Fellow Liberians, this is what a real people’s budget and good financial governance looks like—not one that parades fake revenue, but one that redistributes real hope. The CMC refuses to accept a Liberia where our future is financed by singular foreign payments and a comedy of asset recovery. The projected $10 million from the Asset Recovery Task Force is not fiscal policy—it is fiscal fiction. We cannot fund a nation on court cases that have not even begun, especially when the asset recovery rate is less than 2% of identified cases over the past decade.
We must move from taxation to productivity, from rent seeking to real enterprise. Through oversight reforms, diaspora bonds, and public-private investment in agriculture and small industries, we can raise sustainable national income without punishing the poor.

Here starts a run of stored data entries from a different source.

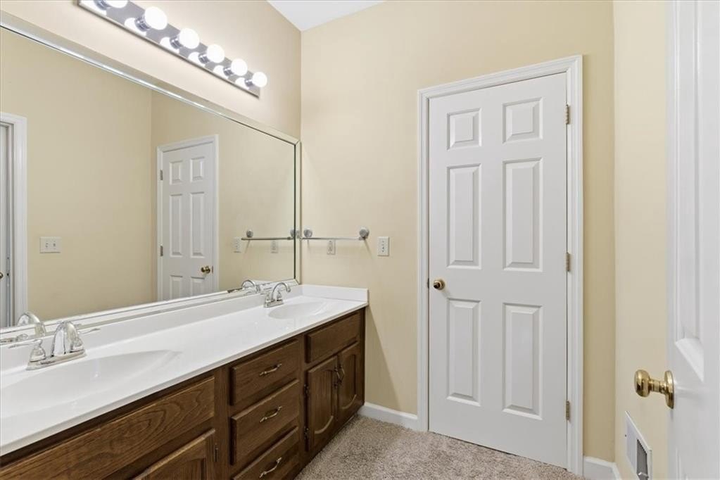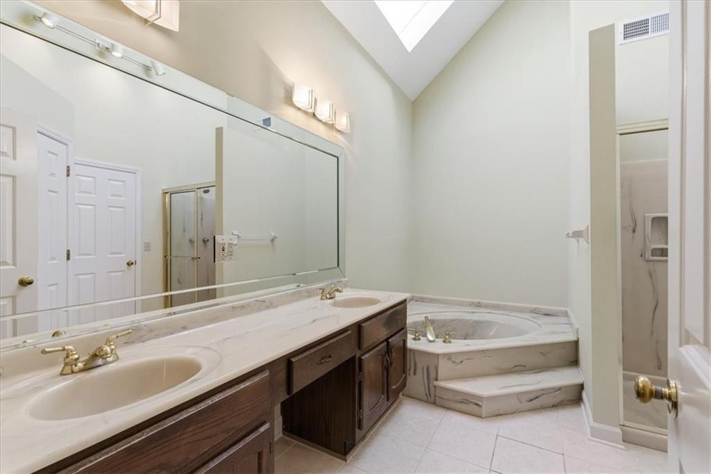 Every detail reflects thoughtful craftsmanship, from the refined trim work and wainscoting to the carefully designed floor plan. The spacious primary suite offers double vanities, a soaking tub, and a separate shower, while two secondary bedrooms share a charming Jack-and-Jill full bathroom. A convenient half bath provides extra comfort for guests.
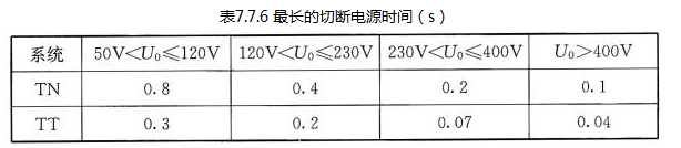 对于交流配电系统中不超过32A的终端回路,其故障防护最长的切断电源时间不应大于表7.7.6的规定。
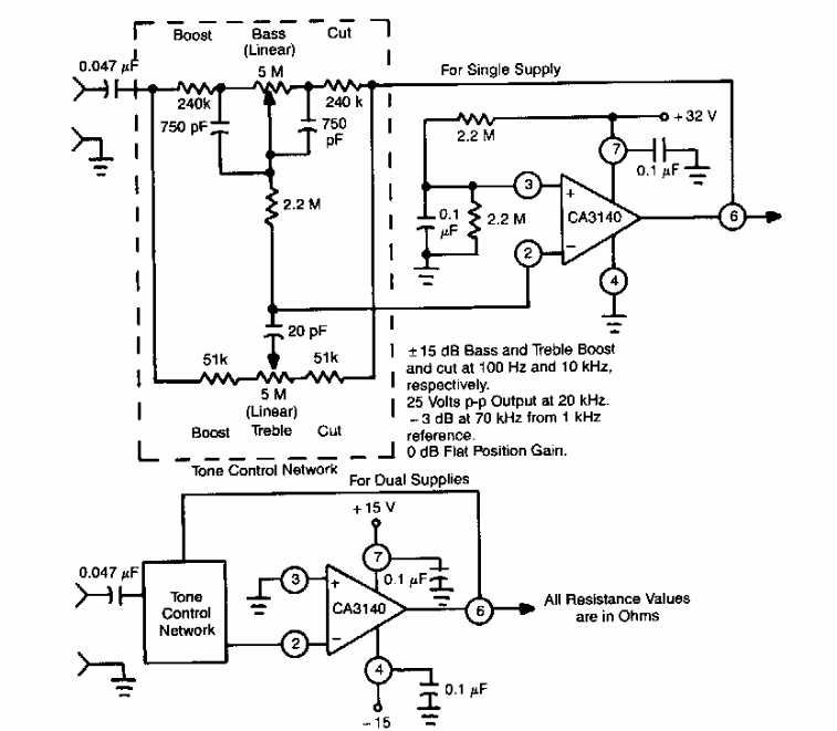 Encontrado numa documentação da RCA dos anos 90, este controle de graves e agudos usa um operacional da época que ainda pode ser encontrado em nossos dias.
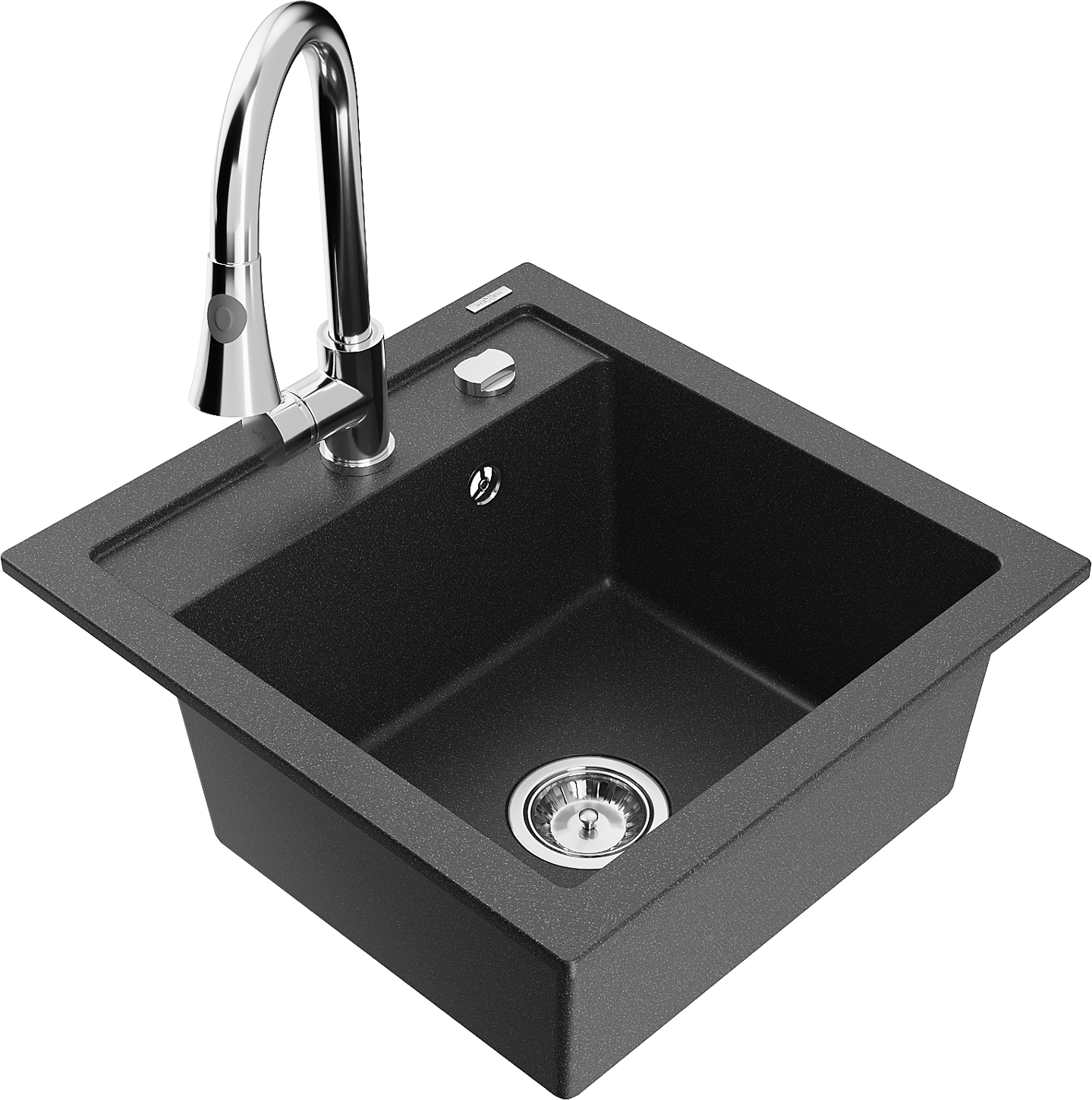 Mexen Vito 1-bowl granite sink with Elia kitchen tap, black speckled - 6503-76-670101-00
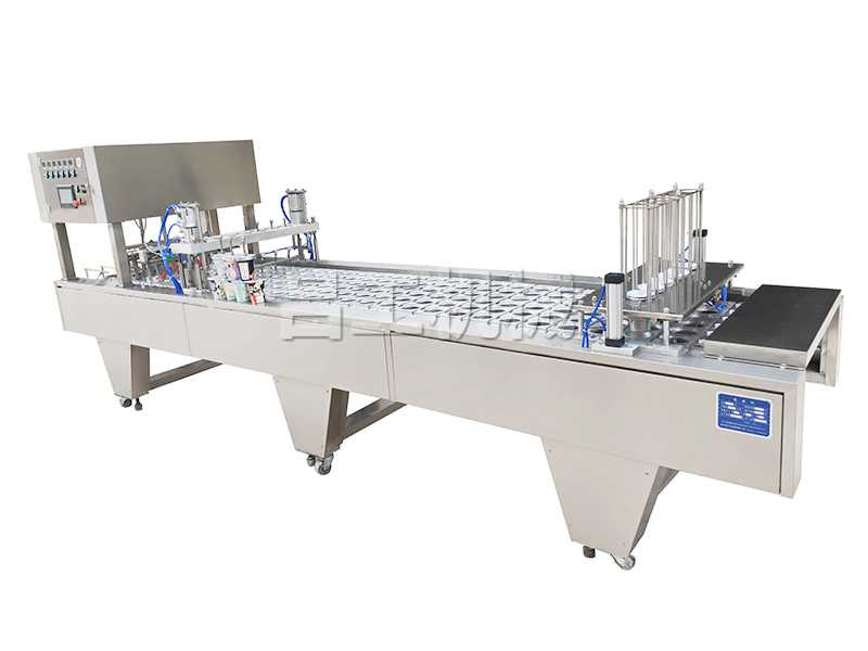 本機(jī)采用合理的機(jī)械傳動(dòng),功能齊全,灌裝、封口、切邊、制品推出,廢料收卷,印碼等自動(dòng)化工作,可節(jié)約人力,降低成本。本機(jī)有二次熱封裝置,料杯/碗/盒與封膜經(jīng)過前后二次熱封,封口牢固可靠。
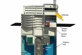 The researchers' vision for an Offshore Floating Nuclear Plant (OFNP, visible in the slideshow above) includes a main structure about 45 meters in diameter that will house a plant generating 300 megawatts of electricity. An alternative design for a 1,100-MW plant calls for a structure about 75 meters in diameter. In both cases, the structures include living quarters and helipads for transporting personnel — similar to offshore oil drilling platforms.
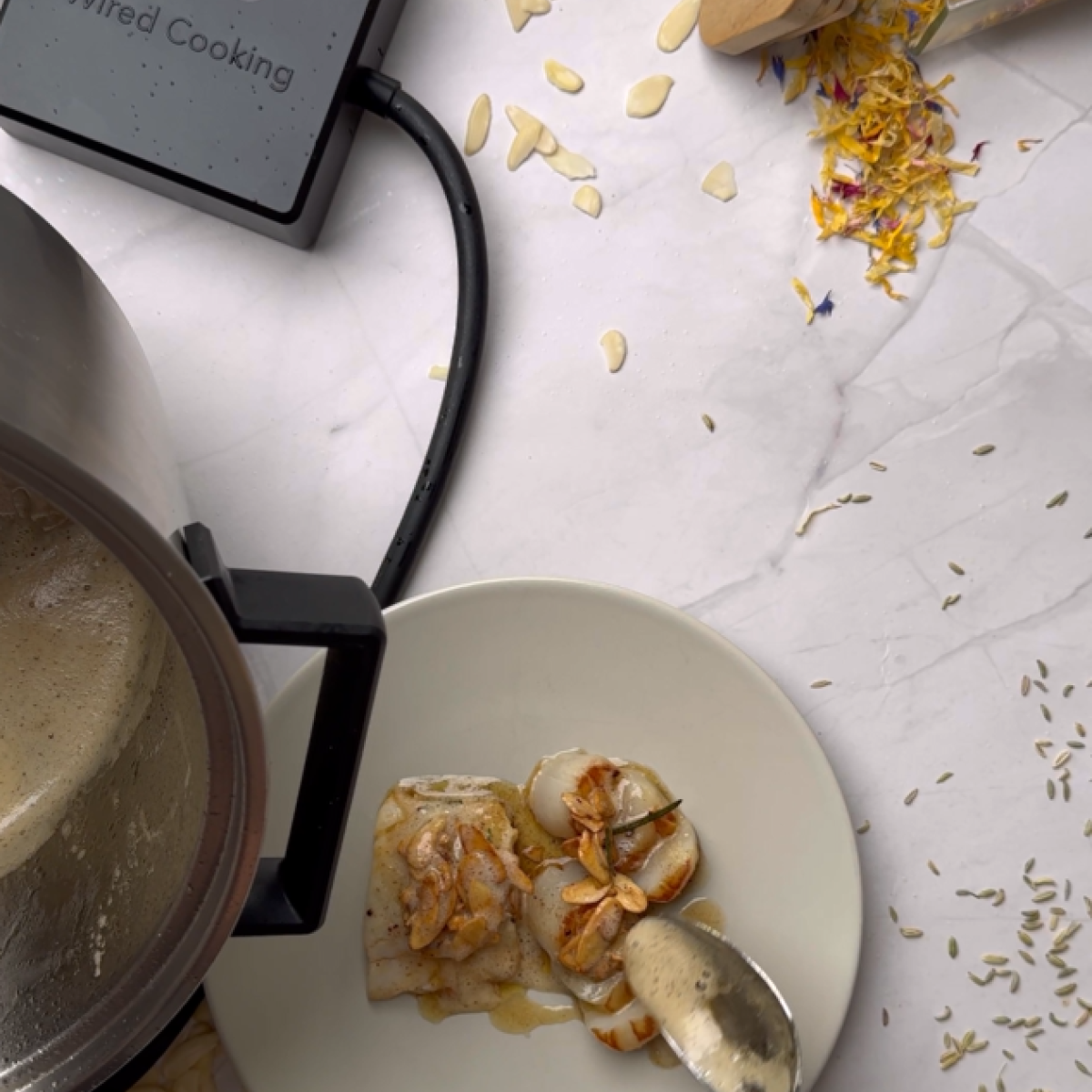 Der Wired Cooker ist perfekt fürs Sous-vide Garen geeignet. Er kann die Temperatur exakt regeln, und nach einer definierten Zeit starten oder gestoppt werden. Dabei ist er gut isoliert, was die Wärmeverluste minimiert; Konvektion führt zu einer guten Wärmeverteilung.
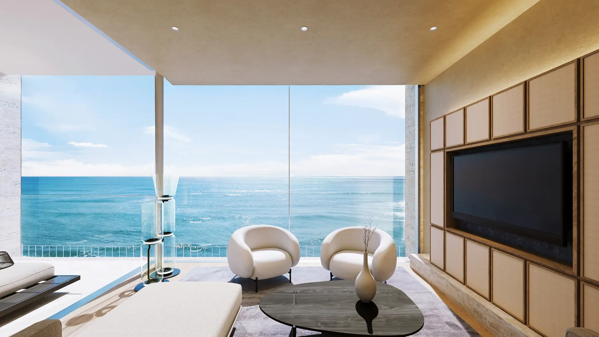 インテリアは、豊かな日差しと海の色を消さないことを重視し、重厚感よりも明るさと軽やかさのあるラグジュアリーを追求し、日の光、海、建築がひとつに溶け合う空間を目指しました。
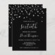 このモダンデザインは黒い背景に銀フェイク色の三角形の紙吹雪を備えている。「六十」という言葉は淡い灰色の手書きエレガントフォントに現れる。ライトグレーの手書きフォントで名誉のゲストの名前と、日付、場所、およびライトグレーのサンセリフのタイプで他の詳細を使用して招待をパーソナライズする。

We are standing at the edge of a fiscal cliff. The year 2027 will come, and the one-off monies will vanish. What will remain are unpaid debts, bloated wages, and broken promises. The government will return with excuses—the market fell, the prices dropped, the rains came. But the truth will remain—we failed to build a self-reliant nation. Let us not be a people who watch our future traded for political theater. Let us not sit by while the children of tomorrow inherit the debt of today. Liberia deserves better—better than eating show; better than a budget of lies. The CMC stands for transformation, not tinkering. We are here to replace, not patch up; to tear down the old walls of waste and build new foundations of hope. We will not tax poverty to fund corruption. We will invest in productivity to build prosperity. We must be innovative and provide transformative governance. A $200 million plus, one-time payment from private sector business, would be better utilized to establish and capitalize an agriculture bank in Liberia which would provide essential funding and financial services to agribusinesses, enabling farmers and entrepreneurs to access credit, invest in modern equipment, and improve productivity. Doing so would stimulate economic growth, create jobs, and significantly reduce poverty, marking the most transformative step in Liberia’s economic history in the past fifty years.
Fellow Liberians, our vision is simple. A Liberia that works for its people, not a privileged few. A Liberia where budgets are not about politics and self-aggrandizement, but about purpose. A Liberia where every dollar spent lifts a life, not lines a pocket. This is our fight. This is our faith. This is our future. It’s up to each and every one of us to begin the journey of transformative governance. God bless the Liberian people, the true authors of our destiny. God bless the CMC. God bless the Republic of Liberia.